原作者の宮木あや子が稽古場に来た際、作品のキャッチフレーズを考えたそうだ。
「強そうに見える女ほど弱いとか、弱そうに見える女ほど強いとか、そういうのマジどうでもいいんですけど。」
他人の評価を気にしながら、そんなのどうでもいいとぶった切って生きていきたい、そんなエールのようにも聞こえる。ちなみに宮木あや子は40歳。石原さとみ主演のTVドラマ『地味にスゴイ!校閲ガール・河野悦子』(日本テレビ)の原作者でもあり、アラサー女性たちの先を行く先輩だ。

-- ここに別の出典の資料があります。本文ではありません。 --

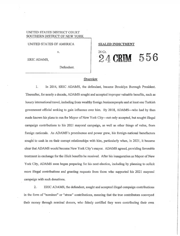 在檢方公布長達(dá)57頁的起訴書中,亞當(dāng)斯涉及的控罪可追溯至2014 年,當(dāng)時仍擔(dān)任布魯克林區(qū)長的他,接受了土耳其航空公司價值數(shù)萬美元的免費旅行,并只用了600美元便可享用伊斯坦布爾瑞吉酒店的豪華套房兩晚,遠(yuǎn)低于實際費用7,000 美元。

5人のアラサー女優と、演出・脚本をはじめとした多くの女性スタッフが入り乱れる現場。演技が中断されると、演出の稲葉がひとつひとつ指示を出していく。「もっと動きをおおげさに」「その台詞はゆっくりと聞かせて」。なぜそうした方がいいのか。その演出意図の説明は明確だ。キャストは真剣に耳を傾け、自分の中に落とし込んでいく。
女性たちの声が飛び交う稽古場に、数人だけ男性がいる。その一人が、男性キャストの池田倫太朗(文学座)。物語に登場する男性5役をすべて一人で演じる。しかし、ふつうに男性を演じるのではない。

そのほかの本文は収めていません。